Exercise description: Working from the entries that follow, transcribe exactly and only the lines from the one with "新年あけましておめでとうございます。 新年っぽくはないですが余り物でミニリース。 ヒムロスギ、アイスブルー" through the last, pictures excluded.
Extracted information: Begin
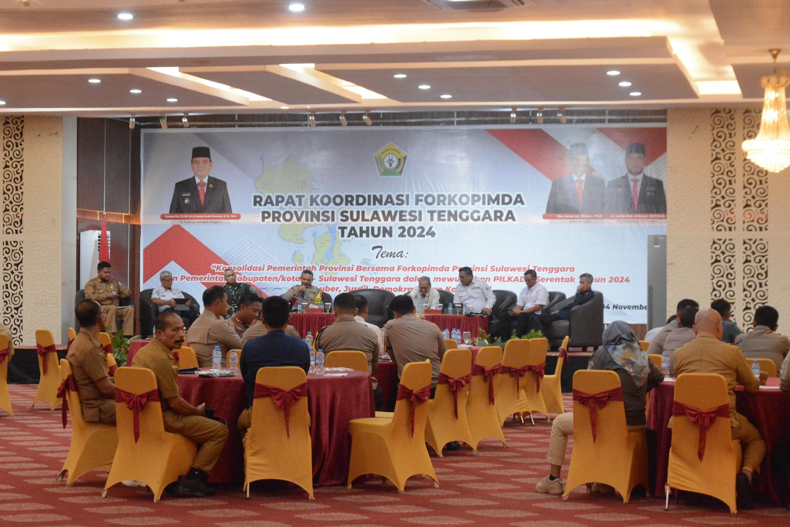 Forkopimda Provinsi Sulawesi Tenggara menggelar Rapat Koordinasi di Hotel Plaza Inn Kendari pada Senin pagi, membahas persiapan menjelang Pilkada Serentak dengan tujuan memastikan pelaksanaannya berjalan secara langsung, umum, bebas, rahasia, jujur, adil, demokratis, dan kondusif. Rapat dimulai pukul 09.00 WITA dan dihadiri oleh pejabat utama dari pemerintahan provinsi dan kabupaten/kota se-Sulawesi Tenggara.
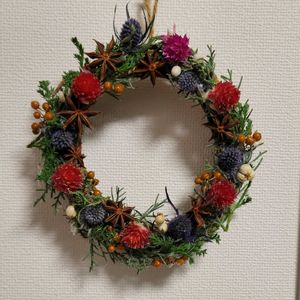 新年あけましておめでとうございます。 新年っぽくはないですが余り物でミニリース。 ヒムロスギ、アイスブルー センニチコウ、エリンジウム ヘクソカズラ、ナンキンハゼ、シキミ
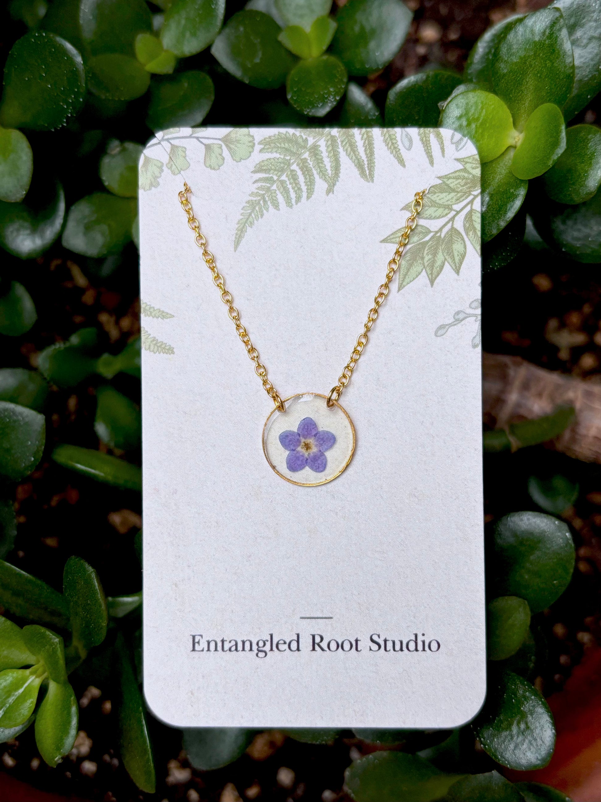 Carry a bit of mother nature everywhere with this dainty necklace. Real, hand-picked forget-me-not preserved in resin on your choice of silver or gold chain.
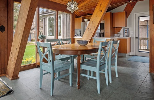 The home's four bedrooms make it spacious enough to accommodate larger groups. Multiple living and family room hangout spaces allow for watching movies, playing pool, board games, reading, or simply enjoying the view of Lake Michigan.
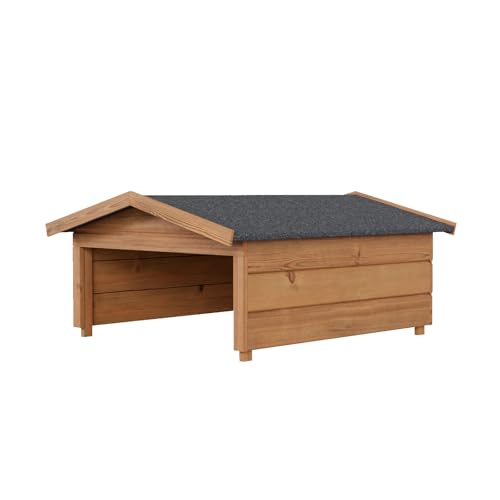 Relaxdays Robotgräsklippare garage, trä, H x B x D: 52,5 x 79 x 74 cm, sadeltak, gräsklippare hus, robotgarage, brun/svart
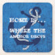 Home Is Where The Anchor Drops Nautical Quote Text Square Paper Coaster
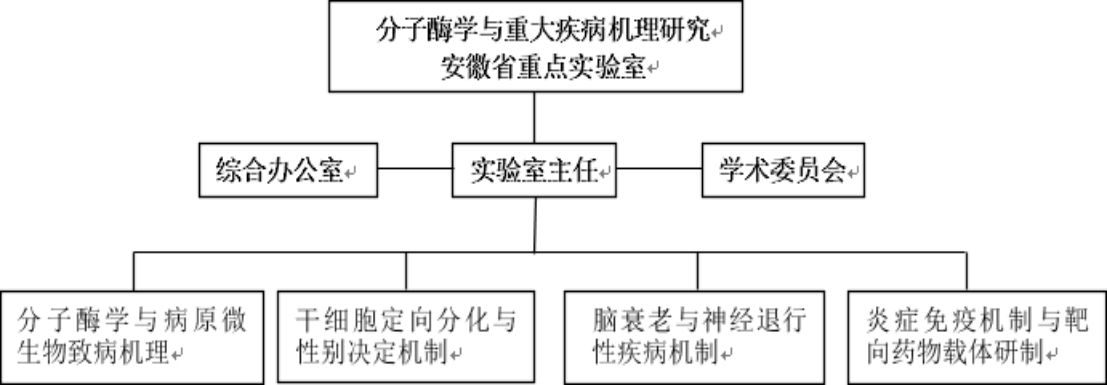 实验室基本定位:大力推动生命科学及医学交叉的专门人才的培养,解析重要临床病原微生物致病分子机制,以及挖掘一些重大疾病检测和诊断靶点并推动靶向药物研发;立足安徽,辐射长三角,在学科建设、人才培养及学术水平提升、大型仪器设备使用等方面与地方高校及医疗机构、生物医药企业加强合作,实现我省生物医药产业转型升级发展。
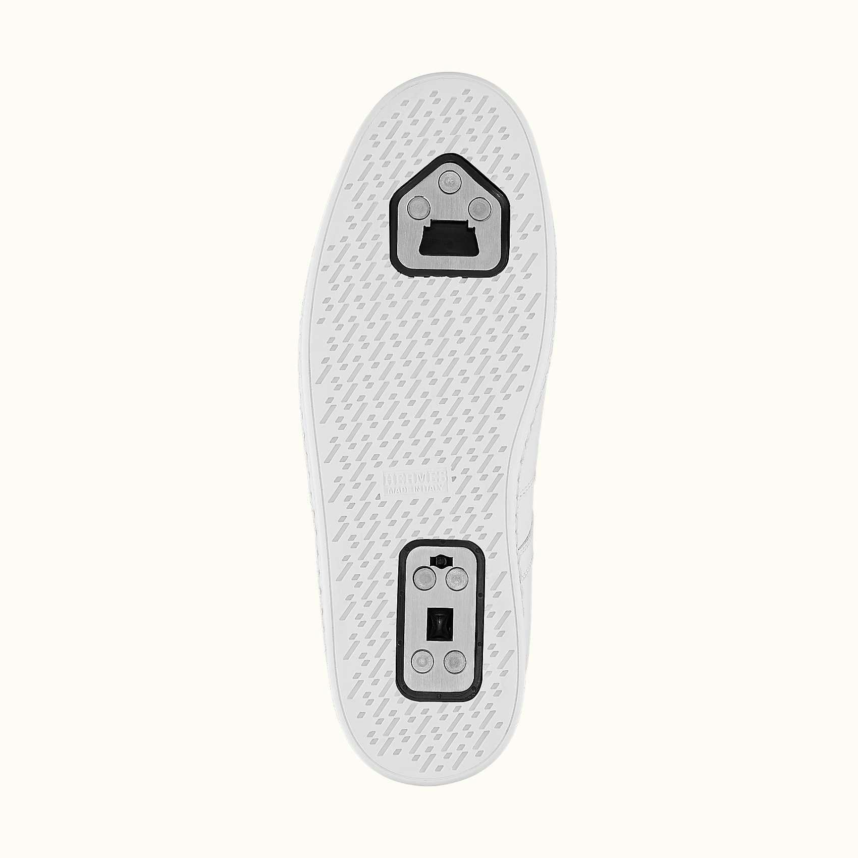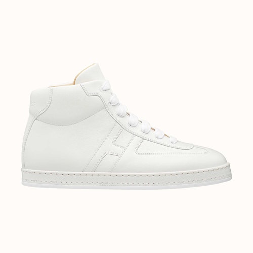 The frills come primarily from its price tag and flexibility, as the shoe itself is an all-white hightop made of calfskin leather. A subtle "H" can be seen in the upper, the rest of which features only tight stitching for its simple components.
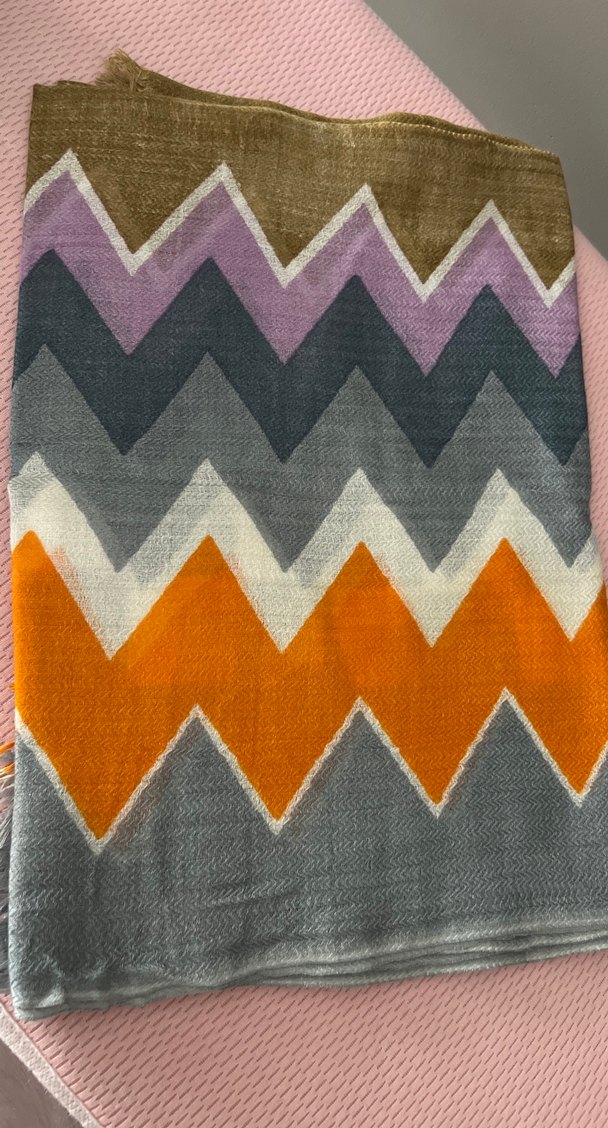 Kadınlar için çok renkli zigzag desenli, yumuşak yün ipek kumaştan örülmüş bohem tarzda Şal. Sadece bir kez kullanıldı etiketi yok ama ipekevi markasına ait firmaya sordurabilirsiniz.
Extracted information: End
Response to this task:
 新年あけましておめでとうございます。 新年っぽくはないですが余り物でミニリース。 ヒムロスギ、アイスブルー センニチコウ、エリンジウム ヘクソカズラ、ナンキンハゼ、シキミ
 Carry a bit of mother nature everywhere with this dainty necklace. Real, hand-picked forget-me-not preserved in resin on your choice of silver or gold chain.
 The home's four bedrooms make it spacious enough to accommodate larger groups. Multiple living and family room hangout spaces allow for watching movies, playing pool, board games, reading, or simply enjoying the view of Lake Michigan.
 Relaxdays Robotgräsklippare garage, trä, H x B x D: 52,5 x 79 x 74 cm, sadeltak, gräsklippare hus, robotgarage, brun/svart
 Home Is Where The Anchor Drops Nautical Quote Text Square Paper Coaster
 实验室基本定位:大力推动生命科学及医学交叉的专门人才的培养,解析重要临床病原微生物致病分子机制,以及挖掘一些重大疾病检测和诊断靶点并推动靶向药物研发;立足安徽,辐射长三角,在学科建设、人才培养及学术水平提升、大型仪器设备使用等方面与地方高校及医疗机构、生物医药企业加强合作,实现我省生物医药产业转型升级发展。
 The frills come primarily from its price tag and flexibility, as the shoe itself is an all-white hightop made of calfskin leather. A subtle "H" can be seen in the upper, the rest of which features only tight stitching for its simple components.
 Kadınlar için çok renkli zigzag desenli, yumuşak yün ipek kumaştan örülmüş bohem tarzda Şal. Sadece bir kez kullanıldı etiketi yok ama ipekevi markasına ait firmaya sordurabilirsiniz.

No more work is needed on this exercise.